» **INPUT MATERIAL**
▬▬▬▬▬▬▬▬▬▬
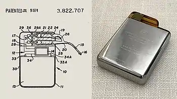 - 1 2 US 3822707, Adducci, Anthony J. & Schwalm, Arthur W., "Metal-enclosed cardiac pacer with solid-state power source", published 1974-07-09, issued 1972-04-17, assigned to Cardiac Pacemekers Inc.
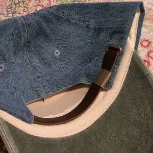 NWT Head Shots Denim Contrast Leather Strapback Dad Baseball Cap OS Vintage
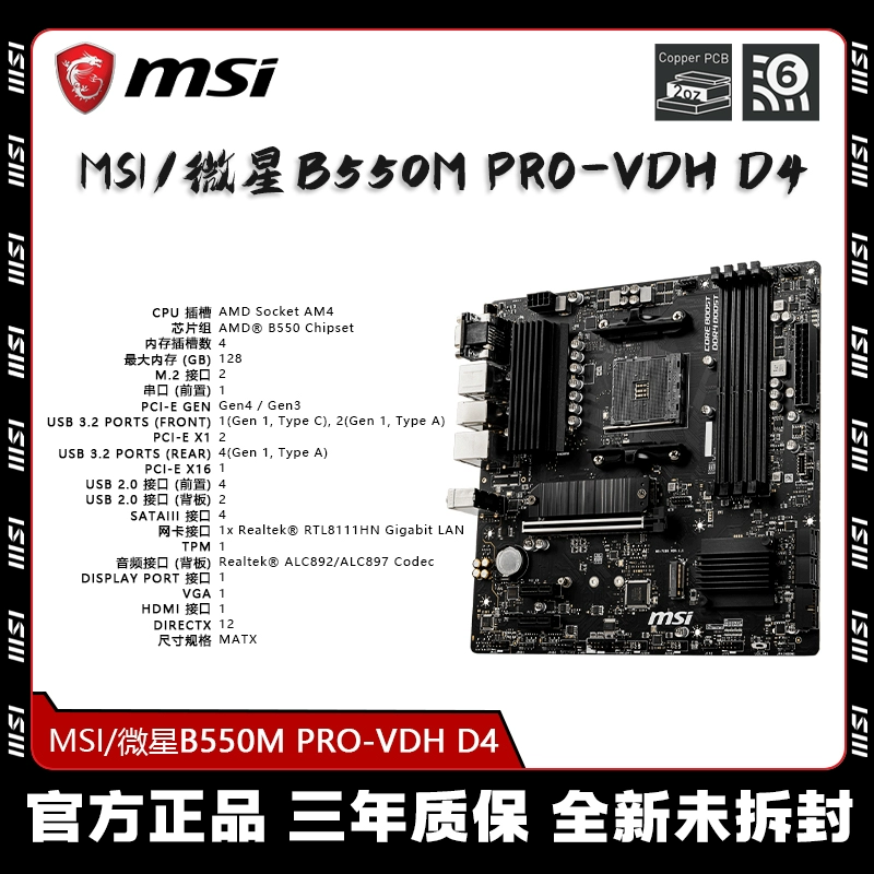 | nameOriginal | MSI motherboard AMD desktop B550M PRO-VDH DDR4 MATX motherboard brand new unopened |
▬▬▬▬▬▬▬▬▬▬
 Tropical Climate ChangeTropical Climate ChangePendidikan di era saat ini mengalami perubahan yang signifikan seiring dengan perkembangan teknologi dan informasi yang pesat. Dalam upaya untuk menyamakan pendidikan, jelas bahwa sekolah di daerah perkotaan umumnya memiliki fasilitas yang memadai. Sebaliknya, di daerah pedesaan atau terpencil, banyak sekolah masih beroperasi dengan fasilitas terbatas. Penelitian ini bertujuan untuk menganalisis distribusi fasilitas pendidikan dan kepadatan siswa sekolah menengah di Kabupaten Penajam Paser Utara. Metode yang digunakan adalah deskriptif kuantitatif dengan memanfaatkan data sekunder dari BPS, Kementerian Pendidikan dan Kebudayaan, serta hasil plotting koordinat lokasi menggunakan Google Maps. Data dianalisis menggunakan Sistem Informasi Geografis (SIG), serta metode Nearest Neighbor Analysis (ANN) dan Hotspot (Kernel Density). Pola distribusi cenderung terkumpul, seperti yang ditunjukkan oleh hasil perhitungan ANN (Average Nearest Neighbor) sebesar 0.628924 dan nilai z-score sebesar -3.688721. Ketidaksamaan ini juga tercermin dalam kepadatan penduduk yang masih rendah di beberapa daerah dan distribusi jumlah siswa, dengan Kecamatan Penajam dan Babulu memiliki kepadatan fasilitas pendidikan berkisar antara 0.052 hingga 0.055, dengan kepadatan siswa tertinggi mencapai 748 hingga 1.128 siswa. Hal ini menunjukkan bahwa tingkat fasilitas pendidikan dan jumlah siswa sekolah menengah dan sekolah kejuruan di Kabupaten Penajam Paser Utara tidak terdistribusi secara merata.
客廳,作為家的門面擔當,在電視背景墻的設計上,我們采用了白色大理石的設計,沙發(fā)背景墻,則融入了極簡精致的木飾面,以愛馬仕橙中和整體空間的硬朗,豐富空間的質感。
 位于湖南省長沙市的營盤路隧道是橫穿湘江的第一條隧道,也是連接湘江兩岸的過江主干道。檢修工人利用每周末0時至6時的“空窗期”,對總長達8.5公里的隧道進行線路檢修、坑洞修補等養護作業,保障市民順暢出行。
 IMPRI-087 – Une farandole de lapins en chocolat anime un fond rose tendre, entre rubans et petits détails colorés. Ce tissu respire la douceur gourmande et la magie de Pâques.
▬▬▬▬▬▬▬▬▬▬
» **WHAT IS EXPECTED**
Quote the data above from the line containing "位于湖南省長沙市的營盤路隧道" to the line containing "IMPRI-087 – Une", inclusive, and stop.

» **RESPONSE BELOW**
 位于湖南省長沙市的營盤路隧道是橫穿湘江的第一條隧道,也是連接湘江兩岸的過江主干道。檢修工人利用每周末0時至6時的“空窗期”,對總長達8.5公里的隧道進行線路檢修、坑洞修補等養護作業,保障市民順暢出行。
 IMPRI-087 – Une farandole de lapins en chocolat anime un fond rose tendre, entre rubans et petits détails colorés. Ce tissu respire la douceur gourmande et la magie de Pâques.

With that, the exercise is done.